The Chinese quest for luxury brands - Monocolumn | Monocle

Monocolumn

A daily bulletin of news & opinion

25 November 2010

It’s no secret that wealthy Chinese are addicted to luxury brand shopping. But the biggest demand for marquee names like Louis Vuitton, Prada and Hermès may not be in the rich coastal cities of Shanghai and Beijing for much longer. Chinese second- and third-tier cities have shown a growing appetite for luxury brands and the top companies are rushing to meet this demand by opening stores in such far-flung locales as Harbin and Urumqi.

According to Bain & Company’s annual China luxury market study, released earlier this month, domestic luxury spending reached $10bn in 2009 — a figure that is expected to jump by 23 per cent this year.

Perhaps most interestingly, however, the report noted that second- and third-tier cities were fast becoming the “new battleground” for luxury brands. Indeed, spending among the richest residents in these cities surged in 2009. The study found that families here making over $180,000 annually spent an average of $28,000 on luxury goods for the year-more than residents in the same income bracket in Shanghai, Beijing and Shenzhen.

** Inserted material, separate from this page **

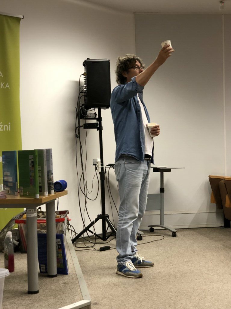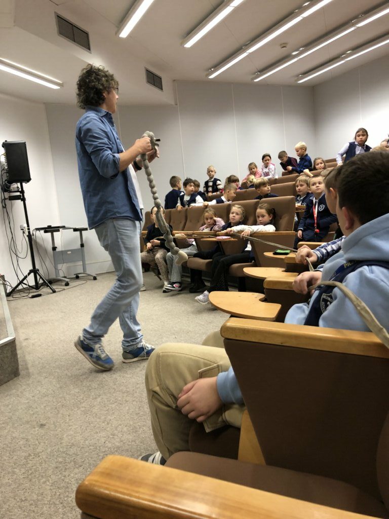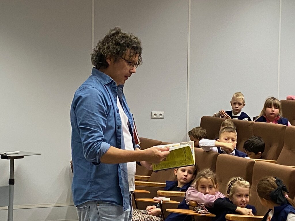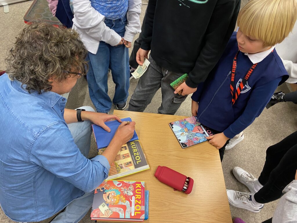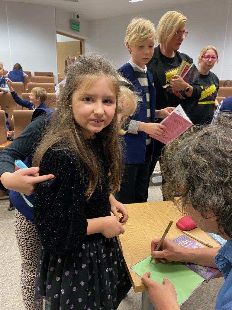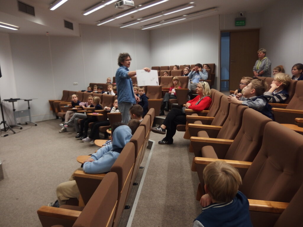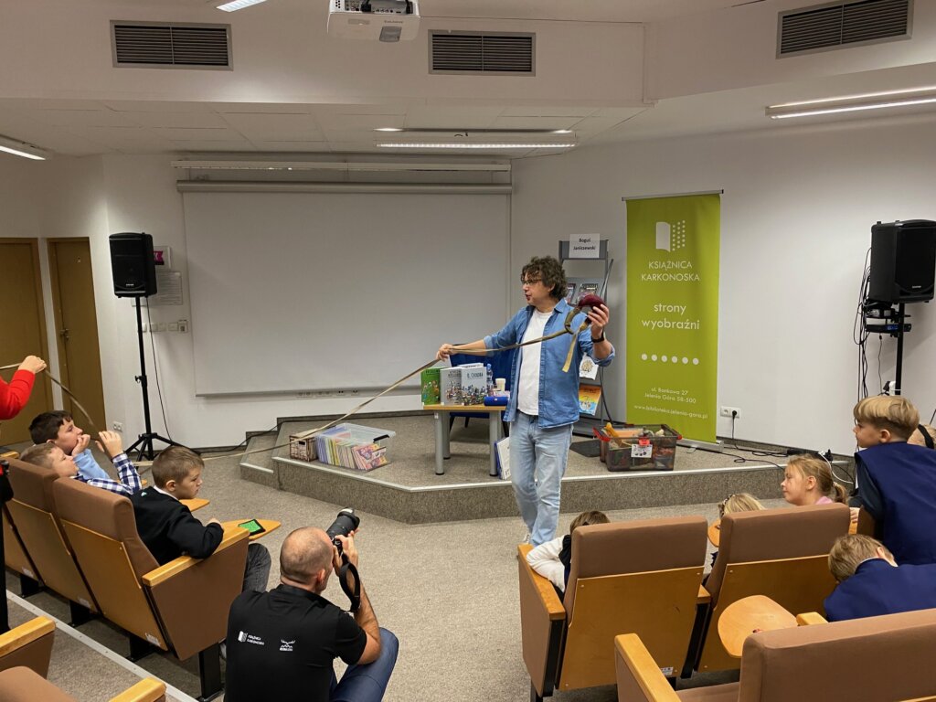 Był czas na odsłuchanie fragmentu opowiadania o Kurzolu oraz na oglądanie makiety jego domu. Można było porozmawiać z autorem, zadać wiele trudnych pytań, kupić jego książkę i otrzymać autograf. Spotkanie było nie tylko lekcją literatury, ale także niezwykłą podróżą w głąb ludzkiego ciała, która na długo pozostanie w pamięci dzieci.

Why the shift in spending patterns across the country? For one, wealthy Chinese in the country’s biggest cities tend to do their shopping overseas, where prices are generally lower and the selection better. Also, these consumers are developing more sophisticated tastes, increasingly preferring the harder-to-get Diane von Furstenberg to Louis Vuitton.

“The brands know that in some ways it’s old hat to have an LV bag, so going to second- and third-tier markets is what they have to do,” says Avery Booker, the New York-based editor of jingdaily.com, a website that covers the luxury industry in China, “Even brands you wouldn’t expect like Bottega Veneta are going to Chengdu.”

But with greater expansion comes the risk of brand dilution outside the main cities, as well. Some companies are trying to prevent this by creating special lines in conjunction with famous Chinese artists to generate buzz and maintain their edge in exclusivity.

Earlier this year, for instance, Ferragamo launched a line of bags and T-shirts designed by the artist Xue Song, while the watchmaker Titoni unveiled a “Panda” watch for the Chinese market based on a painting of a panda by Zhang Qikai.

“Five years ago, everyone was selling in China what they were selling everywhere else, and frequently China was behind the other markets,” says Ben Cavender, a senior analyst with the China Market Research Group in Shanghai. “Chinese consumers are very demanding. They want to feel like they’re getting the newest thing or the best thing and brands are needing to cater to that.”

“It’s all about how companies are managing their brands,” he says.